I received a call from my mom the other night asking if I was “ok.” She had read my post about Robin Williams’ suicide and noticed that I seemed to have low energy when I took Katherine to meet my parents for breakfast a few days earlier. She was concerned about my well being, much like I get concerned about Katherine’s.
Am I ok?
The blunt answer is “no, I am not ok. I do not know that I will ever be ok again.” None of you want to read that. I am sorry to write it. Yet, that’s the truth.
My daughter, the light of my life, is regressing. In the absence of a miracle, she is expected to live only a handful of years, will become increasingly off-balance and immobile, and will experience frustration at losing her ability to do things she wants to do and did just months before (to be candid, she already is expressing such frustrations), and that is just the precursor to possible dementia, seizures, blindness, and an inability to swallow. Her speech will become harder (is already becoming harder?) to understand until she cannot speak at all.
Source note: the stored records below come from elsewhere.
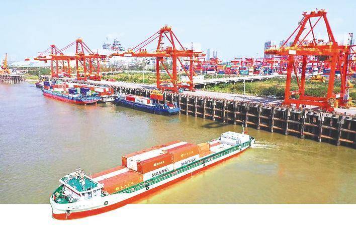 湖北长江船舶供应链公司参建的汉江首艘换电模式纯电池集装箱船——华航新能1。 (受访单位供图)
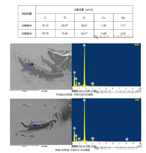 利用 EDS 技术对化学开封后的灯珠进行成分检测,包括引线、芯片和基板,未发现明显异常元素。进一步对机械剥离封装胶体后的基板残留封装胶体进行检测,结果显示不良品与良品的封装胶体成分未见明显差异。
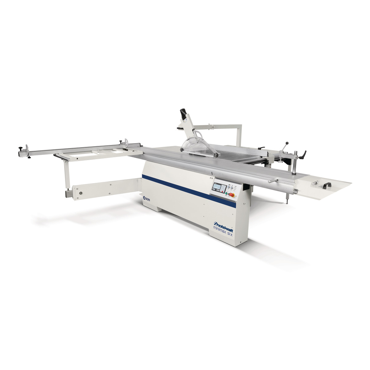 - A 3-Ausführung mit Dreiachsensteuerung zusätzlich mit motorischem Parallelanschlag mit elektronischer Positionierung, Positionsanzeige über einen Encoder, Verstellung über Kugelumlaufspindel, stufenlose Einstellung über Schalter oder automatisches Positionierung und Möglichkeit inkrementaler Verstellung
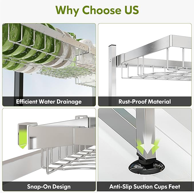 - 🔩 Sturdy & Rust Resistant Construction: Crafted with heavy duty stainless steel and reinforced welding, this over the sink dish drainer drying rack resists corrosion and daily wear. Its industrial grade framework securely holds bulky pots, pans, and dishware without sagging, even when fully loaded, ideal for families seeking a lasting solution to countertop clutter
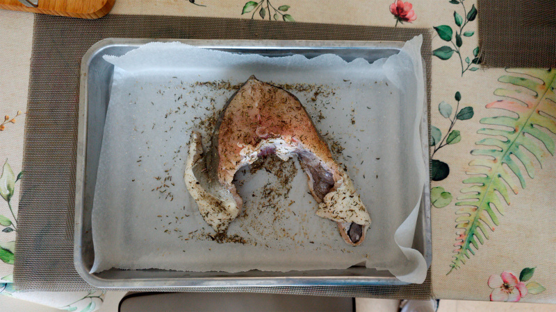 Довел до 50 градусов (даже при 180 в духовке на это потребовалось почти полчаса), достал, попробовал. Да, отлично - рыба получилась достаточно нежная и сочная. Намного лучше, чем я тогда наготовил на сковородке.
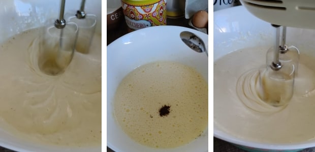 – Die Eier mit dem Zucker ca. 20‘ aufschlagen; in der Mitte des Schlagens können die Aromen hinzugefügt werden. Am Ende sollte die Masse fast weiß und verdreifacht im Volumen sein.
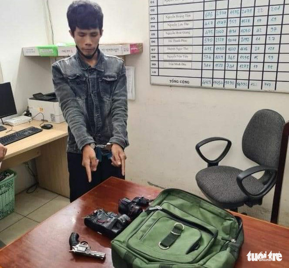 Nghi phạm Trần Thanh Luân và hộp quẹt có hình cây súng dùng để khống chế cướp ngân hàng - Ảnh: Công an Sa Đéc

I have a recurring nightmare (what I am saying, these thoughts come to me in panic attacks in the day more often than at night) in which I go to work while Katherine is still asleep, so I do not get to say goodbye. By the time I get home, Katherine has lost her ability to talk. I will never again hear her say “I love you soooo much” or even “daddy.” I missed my last chance to hear these words while I was sitting at the desk at which I am now typing. At this very moment and as I am writing these very words, these thoughts are so real to me that my chest is tightening in panic and tears are welling in my eyes.
No, I am very much not ok.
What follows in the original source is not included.